-- Task data --
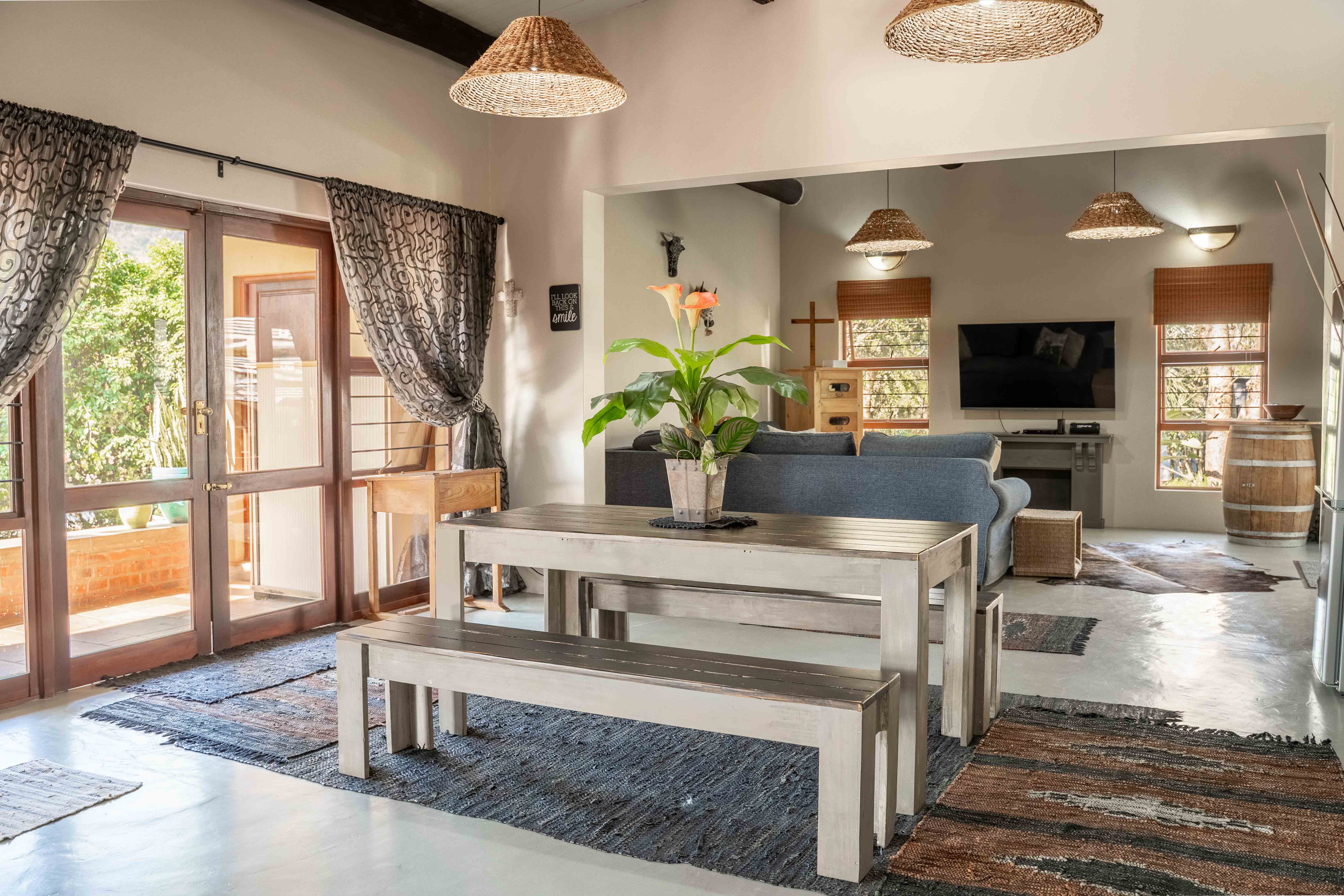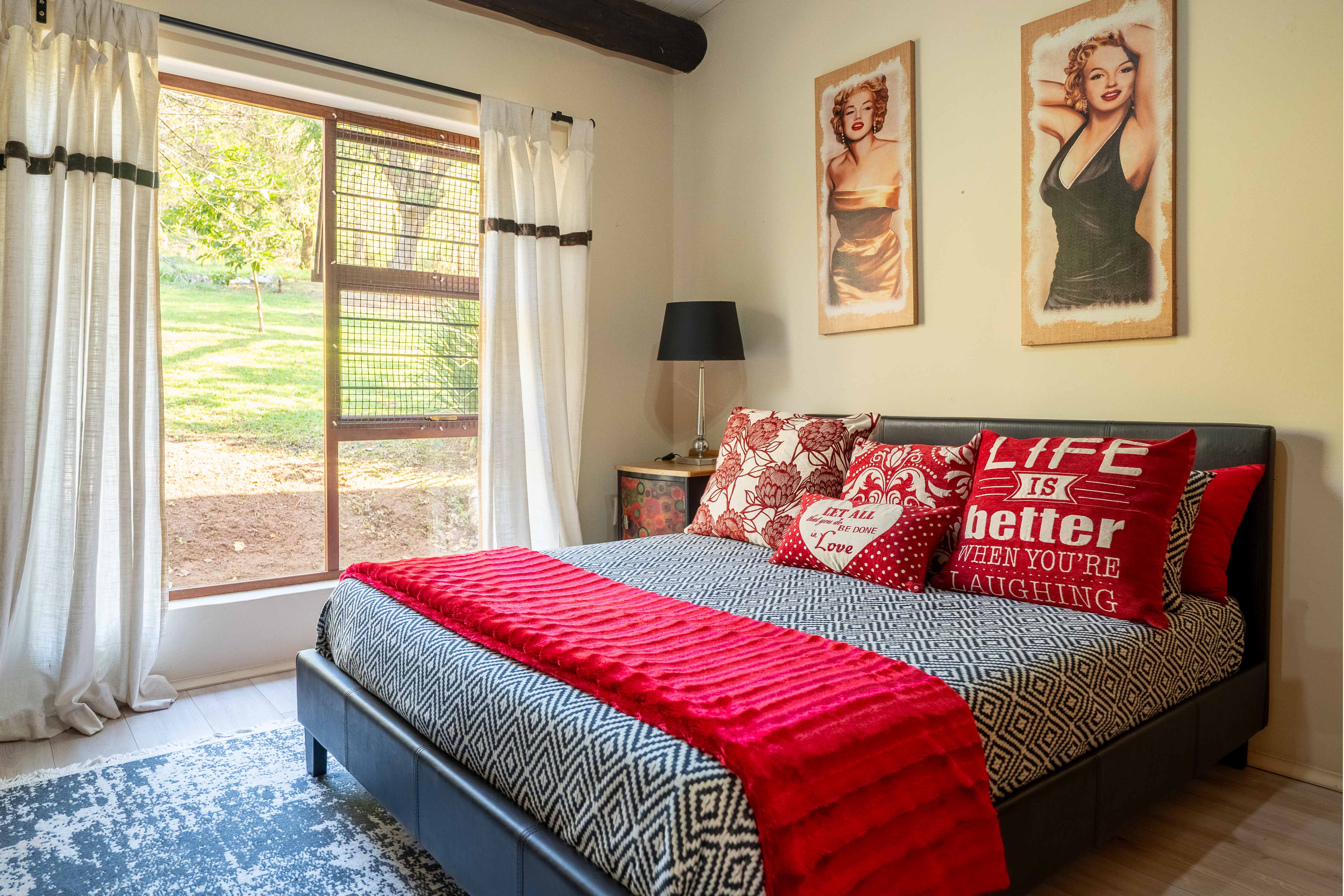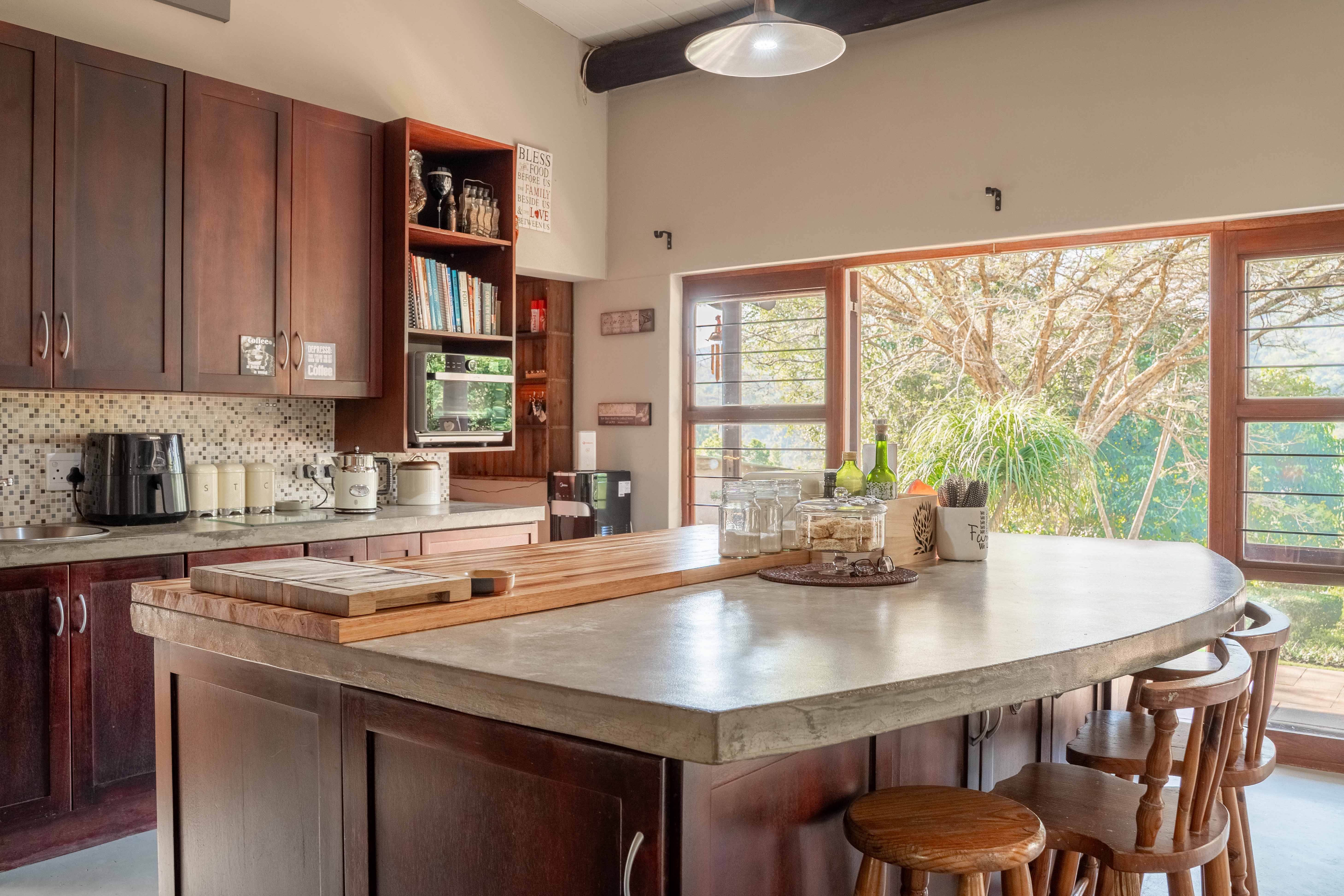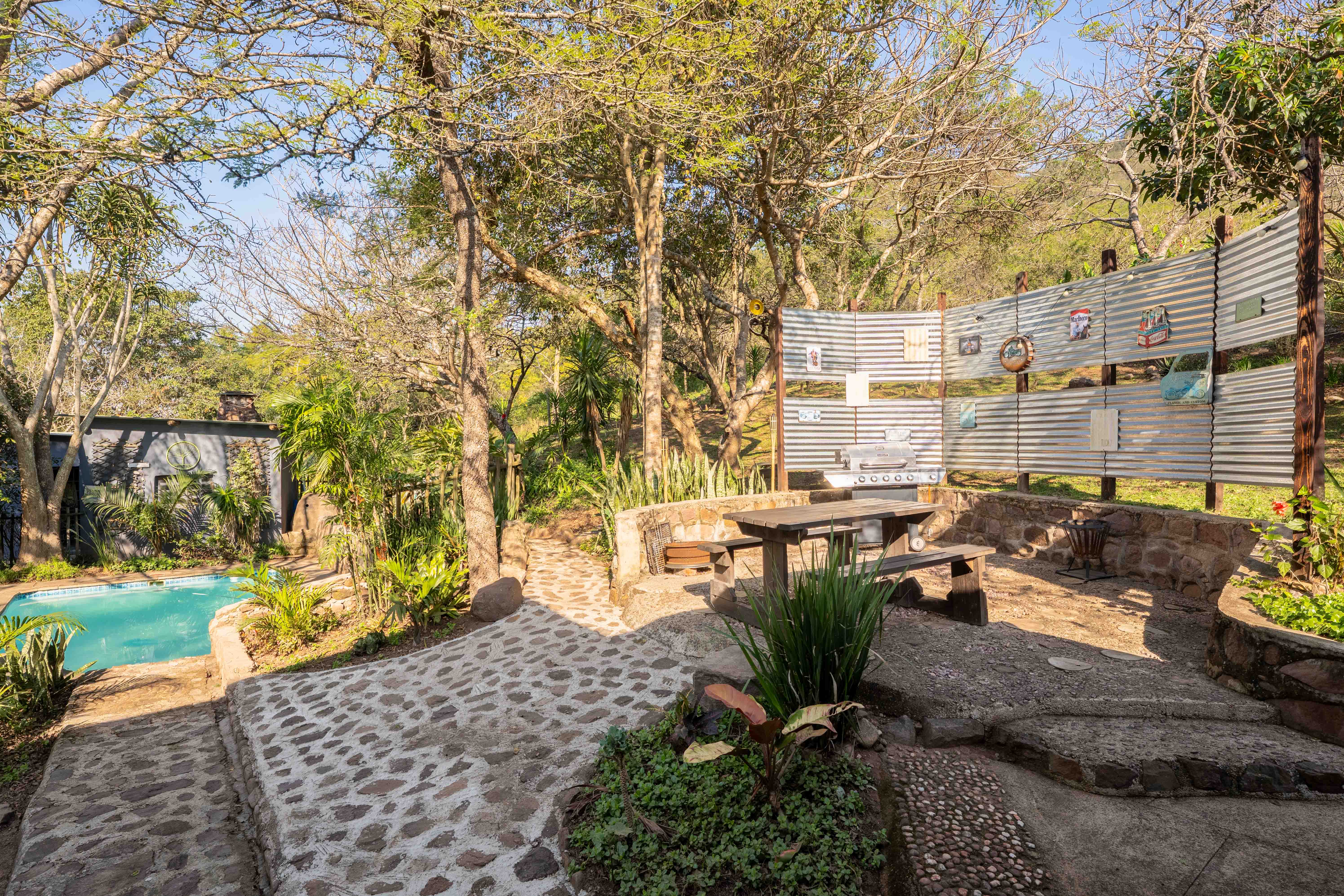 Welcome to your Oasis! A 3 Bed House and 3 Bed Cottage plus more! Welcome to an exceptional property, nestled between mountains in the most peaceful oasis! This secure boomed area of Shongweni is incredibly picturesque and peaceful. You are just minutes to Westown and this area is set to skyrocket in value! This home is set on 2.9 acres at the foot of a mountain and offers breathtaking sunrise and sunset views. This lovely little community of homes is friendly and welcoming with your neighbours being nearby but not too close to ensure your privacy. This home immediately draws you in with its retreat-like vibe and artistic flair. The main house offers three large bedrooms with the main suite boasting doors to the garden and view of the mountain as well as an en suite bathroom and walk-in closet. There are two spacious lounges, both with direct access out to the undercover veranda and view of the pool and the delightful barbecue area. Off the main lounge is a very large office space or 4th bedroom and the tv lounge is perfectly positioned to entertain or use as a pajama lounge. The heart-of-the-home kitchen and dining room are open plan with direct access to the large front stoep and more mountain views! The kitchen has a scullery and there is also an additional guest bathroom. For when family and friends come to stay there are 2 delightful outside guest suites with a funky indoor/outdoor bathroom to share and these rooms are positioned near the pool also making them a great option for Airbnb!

...

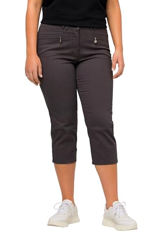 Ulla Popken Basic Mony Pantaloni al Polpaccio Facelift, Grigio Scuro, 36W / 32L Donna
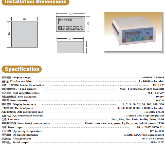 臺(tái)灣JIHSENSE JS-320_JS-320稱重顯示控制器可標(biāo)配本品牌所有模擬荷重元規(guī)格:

-- Exercise goal --
What is needed is an exact copy of the lines above, from the one holding "Ulla Popken Basic" down to the one holding "臺(tái)灣JIHSENS", with those two included and the pictures left out.

-- Response below --
 Ulla Popken Basic Mony Pantaloni al Polpaccio Facelift, Grigio Scuro, 36W / 32L Donna
 臺(tái)灣JIHSENSE JS-320_JS-320稱重顯示控制器可標(biāo)配本品牌所有模擬荷重元規(guī)格:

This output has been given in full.